Supplied entries ::
=-=-=-=-=
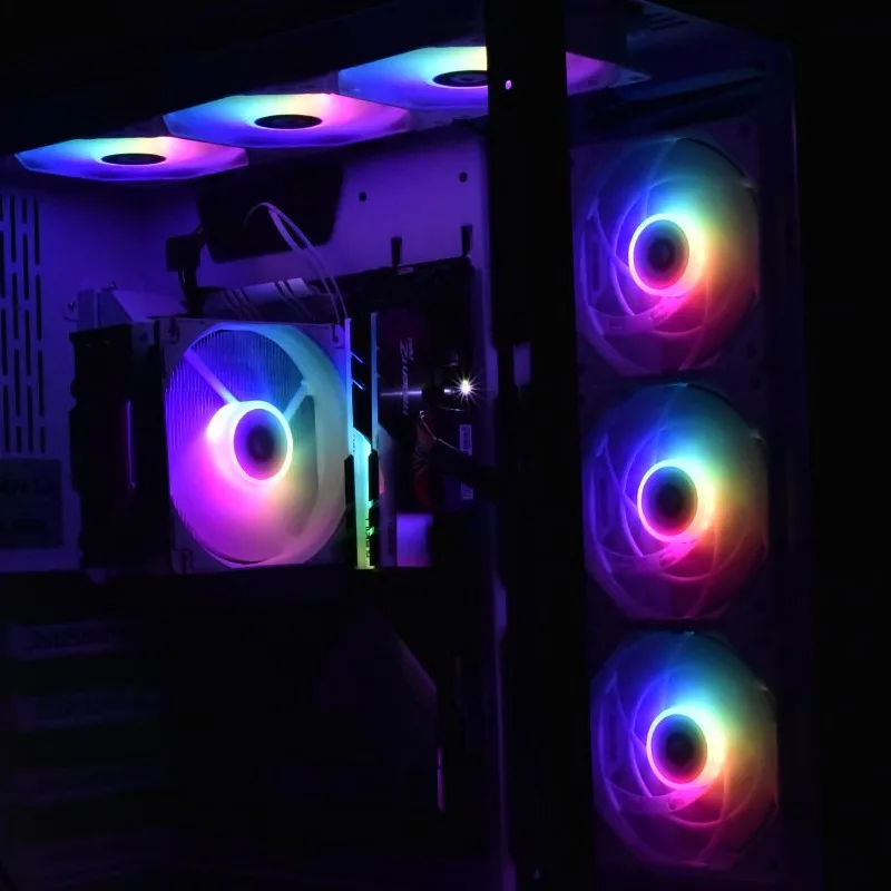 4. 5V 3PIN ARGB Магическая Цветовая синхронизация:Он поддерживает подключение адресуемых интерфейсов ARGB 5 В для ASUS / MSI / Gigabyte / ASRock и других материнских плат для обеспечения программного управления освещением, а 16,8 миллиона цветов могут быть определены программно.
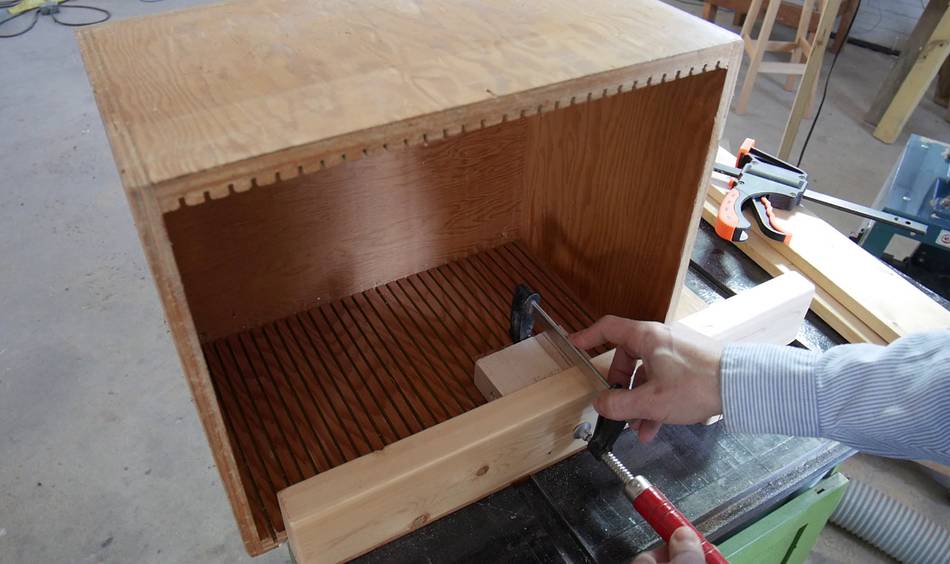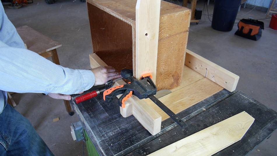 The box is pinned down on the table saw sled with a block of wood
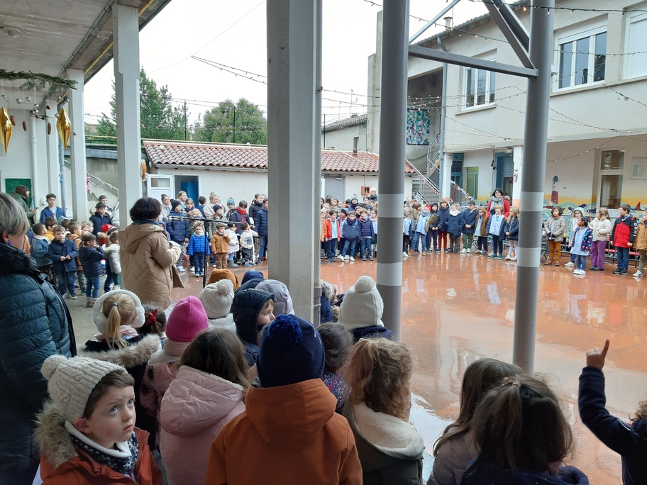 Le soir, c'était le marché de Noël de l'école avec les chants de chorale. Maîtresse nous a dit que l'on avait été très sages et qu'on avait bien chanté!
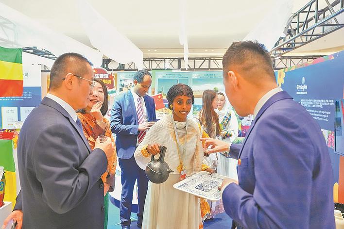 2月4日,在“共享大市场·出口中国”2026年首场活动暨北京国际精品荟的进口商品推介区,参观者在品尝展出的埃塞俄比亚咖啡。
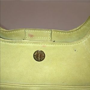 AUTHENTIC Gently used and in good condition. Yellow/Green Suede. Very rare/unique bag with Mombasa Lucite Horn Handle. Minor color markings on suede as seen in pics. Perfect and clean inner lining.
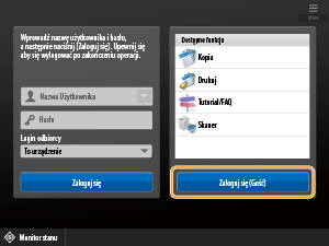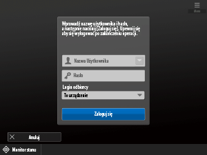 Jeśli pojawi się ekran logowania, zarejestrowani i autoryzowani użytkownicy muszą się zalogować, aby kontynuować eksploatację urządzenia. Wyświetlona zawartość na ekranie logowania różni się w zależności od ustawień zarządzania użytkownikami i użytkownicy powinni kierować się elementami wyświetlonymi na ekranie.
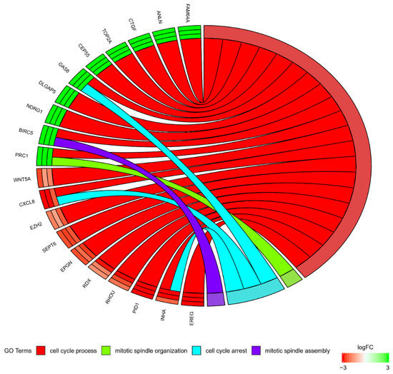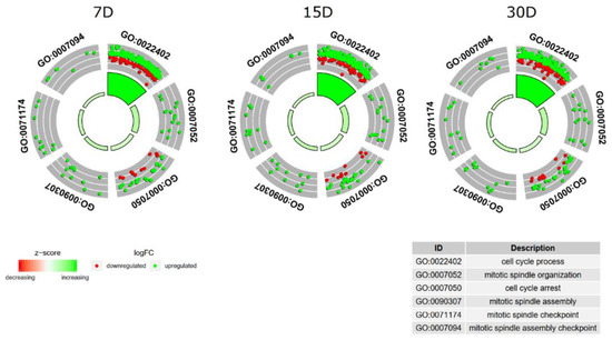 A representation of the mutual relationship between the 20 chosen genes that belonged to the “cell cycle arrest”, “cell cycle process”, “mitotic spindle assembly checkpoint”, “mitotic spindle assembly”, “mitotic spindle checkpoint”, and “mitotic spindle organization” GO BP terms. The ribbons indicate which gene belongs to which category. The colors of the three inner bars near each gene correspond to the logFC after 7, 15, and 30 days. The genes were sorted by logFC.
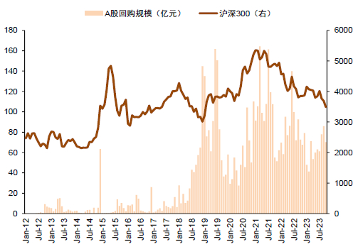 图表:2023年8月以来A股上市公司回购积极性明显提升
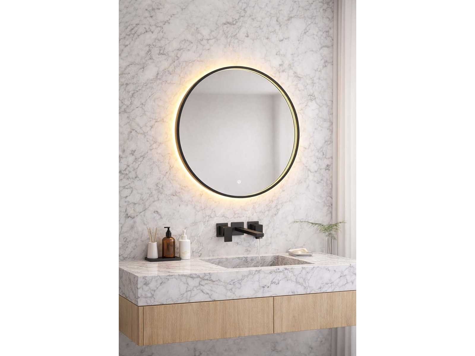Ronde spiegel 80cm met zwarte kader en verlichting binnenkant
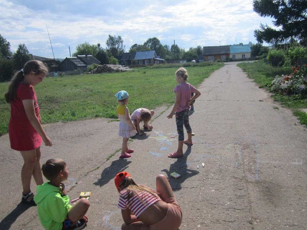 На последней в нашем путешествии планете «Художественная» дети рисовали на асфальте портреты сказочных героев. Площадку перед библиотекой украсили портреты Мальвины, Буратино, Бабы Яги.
=-=-=-=-=
Required action :: Beginning with the line above that contains "The box is pinned" and ending with the line that contains "图表:2023年8月以来A股上市公司回购积极性明显提升", quote each line exactly, keeping out the pictures.

Response to the exercise ::
 The box is pinned down on the table saw sled with a block of wood
 Le soir, c'était le marché de Noël de l'école avec les chants de chorale. Maîtresse nous a dit que l'on avait été très sages et qu'on avait bien chanté!
 2月4日,在“共享大市场·出口中国”2026年首场活动暨北京国际精品荟的进口商品推介区,参观者在品尝展出的埃塞俄比亚咖啡。
 AUTHENTIC Gently used and in good condition. Yellow/Green Suede. Very rare/unique bag with Mombasa Lucite Horn Handle. Minor color markings on suede as seen in pics. Perfect and clean inner lining.
 Jeśli pojawi się ekran logowania, zarejestrowani i autoryzowani użytkownicy muszą się zalogować, aby kontynuować eksploatację urządzenia. Wyświetlona zawartość na ekranie logowania różni się w zależności od ustawień zarządzania użytkownikami i użytkownicy powinni kierować się elementami wyświetlonymi na ekranie.
 A representation of the mutual relationship between the 20 chosen genes that belonged to the “cell cycle arrest”, “cell cycle process”, “mitotic spindle assembly checkpoint”, “mitotic spindle assembly”, “mitotic spindle checkpoint”, and “mitotic spindle organization” GO BP terms. The ribbons indicate which gene belongs to which category. The colors of the three inner bars near each gene correspond to the logFC after 7, 15, and 30 days. The genes were sorted by logFC.
 图表:2023年8月以来A股上市公司回购积极性明显提升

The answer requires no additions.